UQ4ML / COMETA Workshop: Bayesian Continual Learning and Forgetting in Neural Networks (30 minutes)
Date:
At the UQ4ML / COMETA Workshop, the talk Bayesian Continual Learning and Forgetting in Neural Networks presents recent work by Bonnet et al. introducing MESU (Metaplasticity from Synaptic Uncertainty), a Bayesian approach to continual learning that tackles both catastrophic forgetting and catastrophic remembering.
Instead of freezing important weights or relying on explicit task boundaries, MESU treats each network parameter as a probability distribution and adapts how much it learns based on its uncertainty. Parameters with high uncertainty remain plastic, while confident ones are naturally stabilized, mirroring ideas of metaplasticity observed in biological synapses.
The work was published in Nature Communications, a high-impact, peer-reviewed journal known for rigorous interdisciplinary research across physics, biology, and machine learning. The paper proposes a new algorithm, and grounds it theoretically (Bayesian inference, variational free energy, Hessian connections) and empirically (Permuted-MNIST, CIFAR-100, OOD detection).
MESU operates in boundary-free streaming settings, making it far more realistic for real-world machine learning systems that continuously receive data without clean task boundaries.
Talk Video
MESU Update Rule (Metaplasticity from Synaptic Uncertainty)
For each parameter with mean \( \mu \) and standard deviation \( \sigma \), the MESU updates are:
\[ \Delta \mu = - \sigma_{t-1}^2 \, \frac{\partial C_t}{\partial \mu_{t-1}} + \frac{\sigma_{t-1}^2}{N \, \sigma_{\text{prior}}^2} \left( \mu_{\text{prior}} - \mu_{t-1} \right) \]
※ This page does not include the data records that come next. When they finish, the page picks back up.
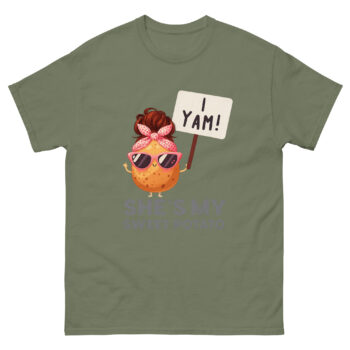 Meet our sassy sweet potato! She’s cool (thanks to the sunglasses), stylish (check out that polka-dot headband), and proudly declares “I YAM!” to the world. This isn’t just a vegetable; it’s a statement of confidence and fun. When you wear this shirt, you’re not just calling someone your sweet potato lover; you’re saying they’re unique, awesome, and totally fun to be around. It’s a couple humor design that feels personal and modern.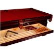 De Riva heeft opvallende vierkante poten in koloniale stijl. Uniek aan de Riva is de verborgen lade voor accessoires, waarin je meerdere keuen, ballen, krijt, en nog veel meer uit het zicht kunt opbergen!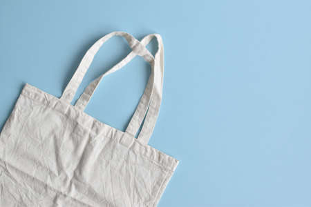 Zero waste concept. Eco friendly reusable textile shopping bag on blue background. Top view with copy space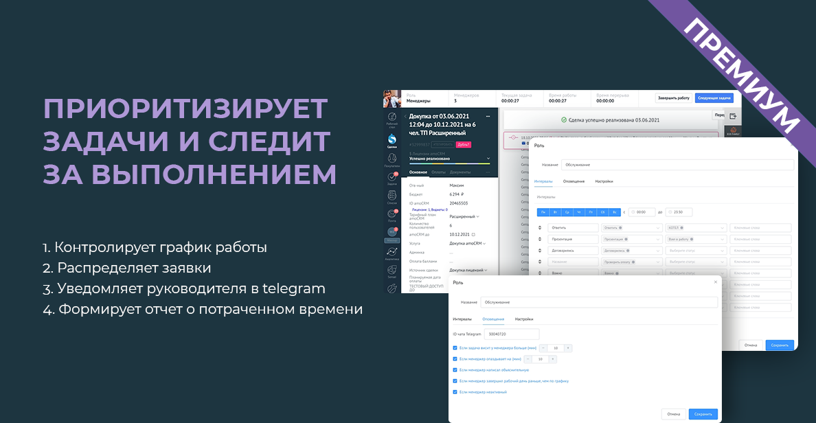 Виджет представляет собой инструмент, в котором руководитель задаёт настройки рабочего дня менеджера. Руководитель выстраивает приоритеты по выполнению задач, используя их типы и статусы воронки, а также настраивает уведомления в свой Telegram для отслеживания работы менеджера: сообщения о неактивности менеджера, о его опоздании, о завершении рабочего дня раньше, чем по графику и т. д.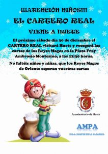 El próximo sábado día 30 de diciembre el CARTERO REAL visitará Huete y recogerá las cartas de los Reyes Magos en la Plaza Fray Ambrosio Montesino, a las 12:30 horas.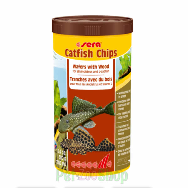• Sera: Catfish Chips je hrana za algojede koja sadrži čestice drveta neophodne za ishranu algojeda.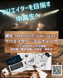 この度、2026年1月11日にさざなみタウンにて「湖北クリエイター・ミーティング」を開催させていただくことになりました。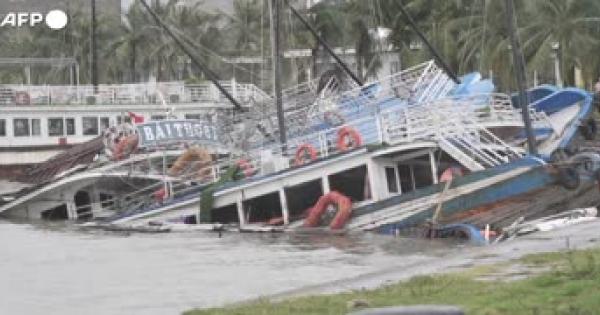 Nell'area di Halong Bay, imbarcazioni accatastate, edifici e alberi abbattuti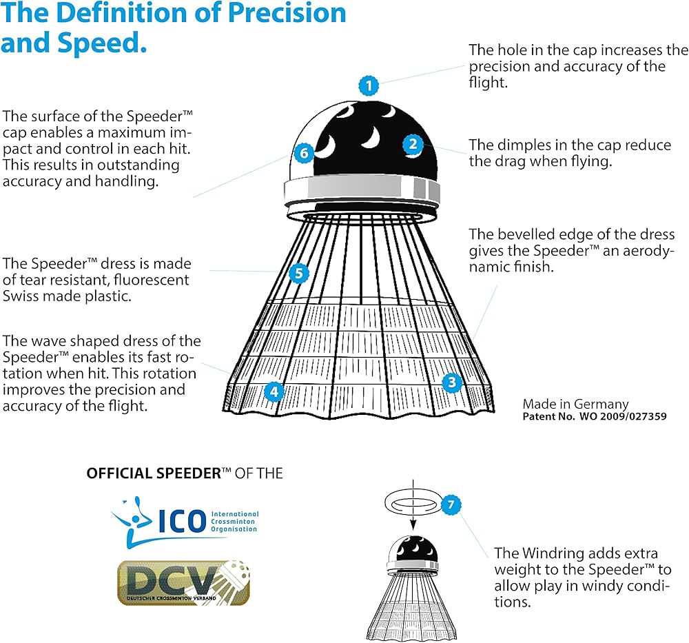 Compared to conventional shuttlecocks the Speeder is smaller and heavier. This allows a game over long distances, regardless of wind and weather.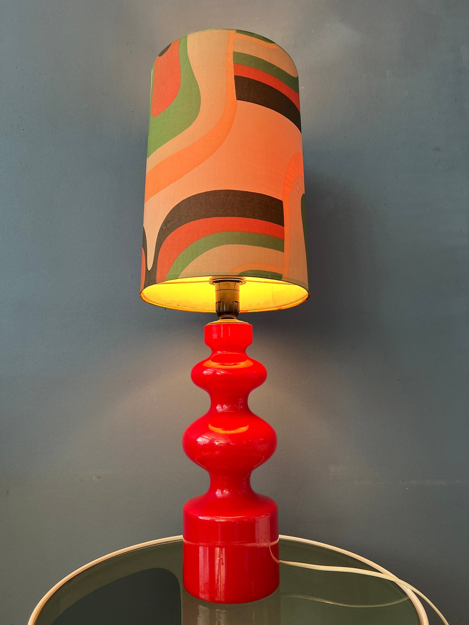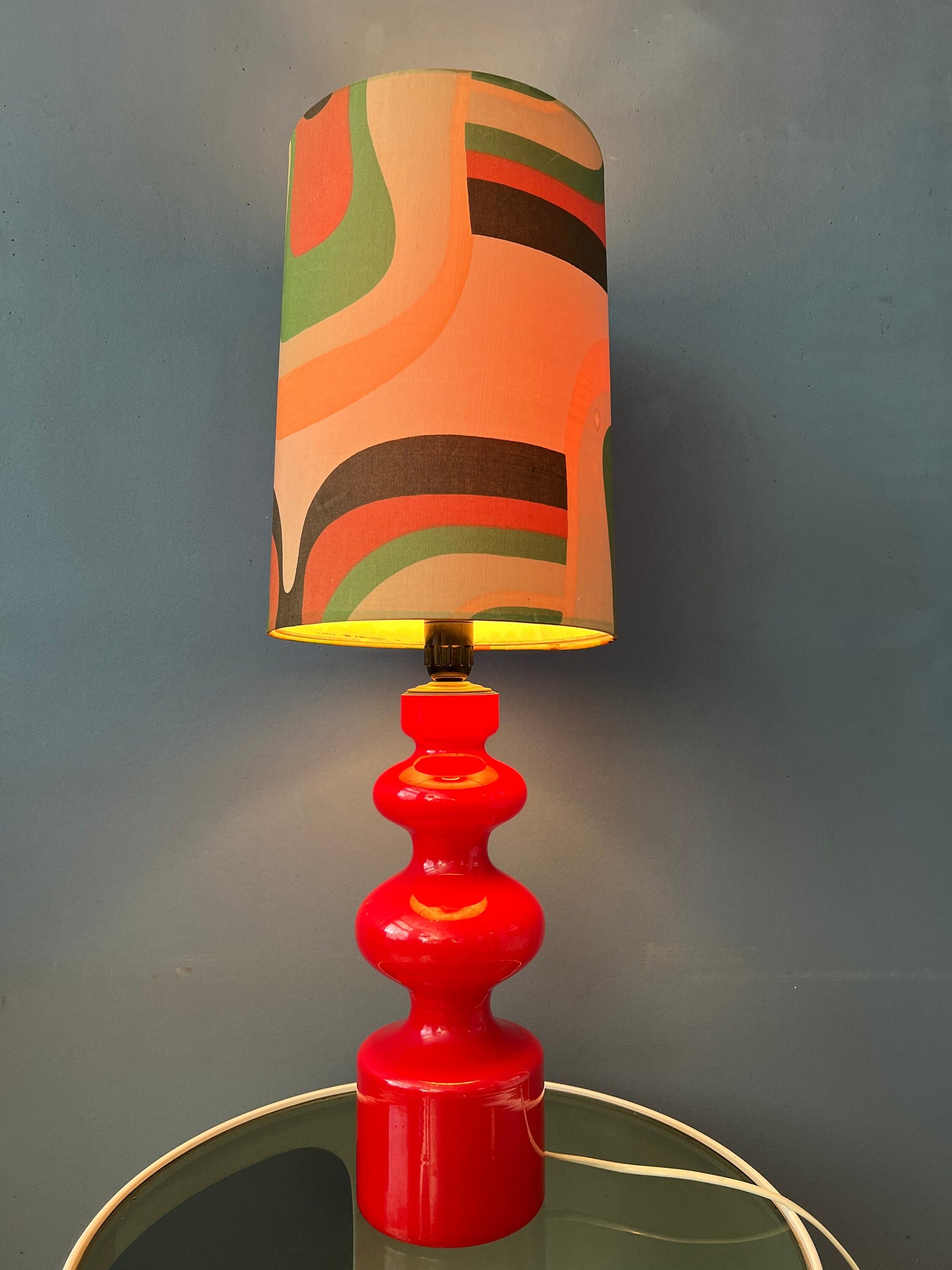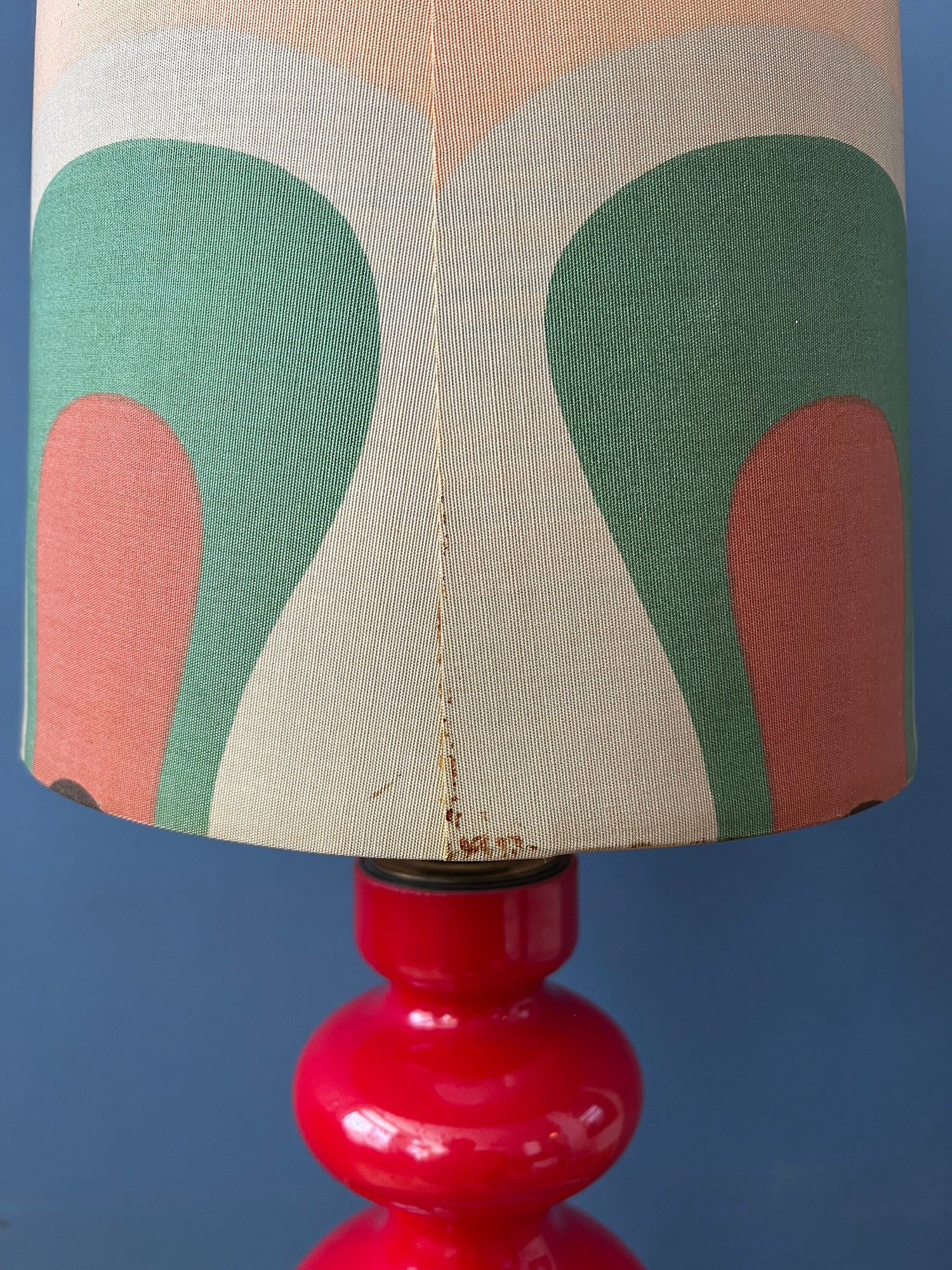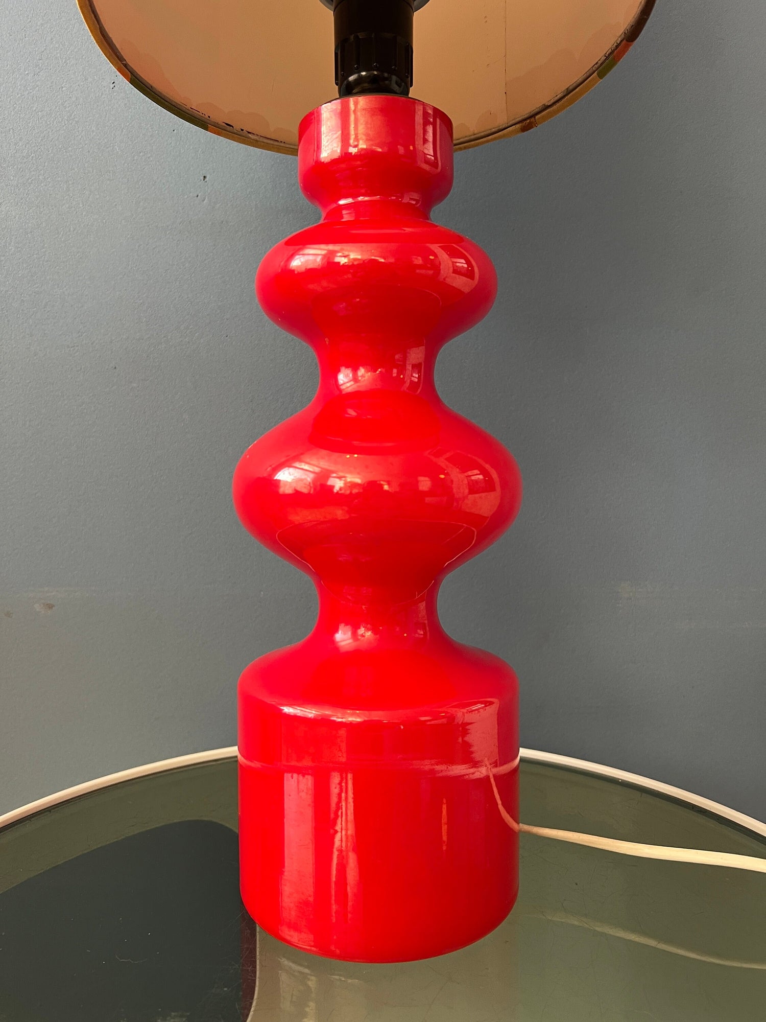 Red west germany space age table lamp with glass base and textile shade. The lamp requires one E27/26 lightbulb and currently has an EU-plug.

\[ \Delta \sigma = - \frac{\sigma_{t-1}^2}{2} \, \frac{\partial C_t}{\partial \sigma_{t-1}} + \frac{\sigma_{t-1}}{2N \, \sigma_{\text{prior}}^2} \left( \sigma_{\text{prior}}^2 - \sigma_{t-1}^2 \right) \]
with:
- \( C_t = \mathbb{E}_{q(\omega)}[-\log p(D_t \mid \omega)] \) (expected loss),
- \( N \) the memory window controlling forgetting,
- \( \mu_{\text{prior}}, \sigma_{\text{prior}} \) the prior parameters.
This work points toward a unifying perspective in which forgetting is a control mechanism preserving the uncertainty of the network for long-term adaptation. MESU establishes that bounding posterior memory through principled Bayesian learning-and-forgetting sustains plasticity and epistemic uncertainty in real-valued networks.
These ideas could be extended to low-storage systems where controlling the amount of information stored is crucial and uncertainty is decisive for learning. In parallel, extending these ideas to large-scale sequence models could reveal that transformers also require explicit mechanisms to regulate evidence accumulation if they are to adapt continually without rigidifying.
Across these settings, a common trait emerges: continual learning is less about preserving parameters than about preserving uncertainty in the right places, enabling models to decide when to learn, when to forget, and when to abstain.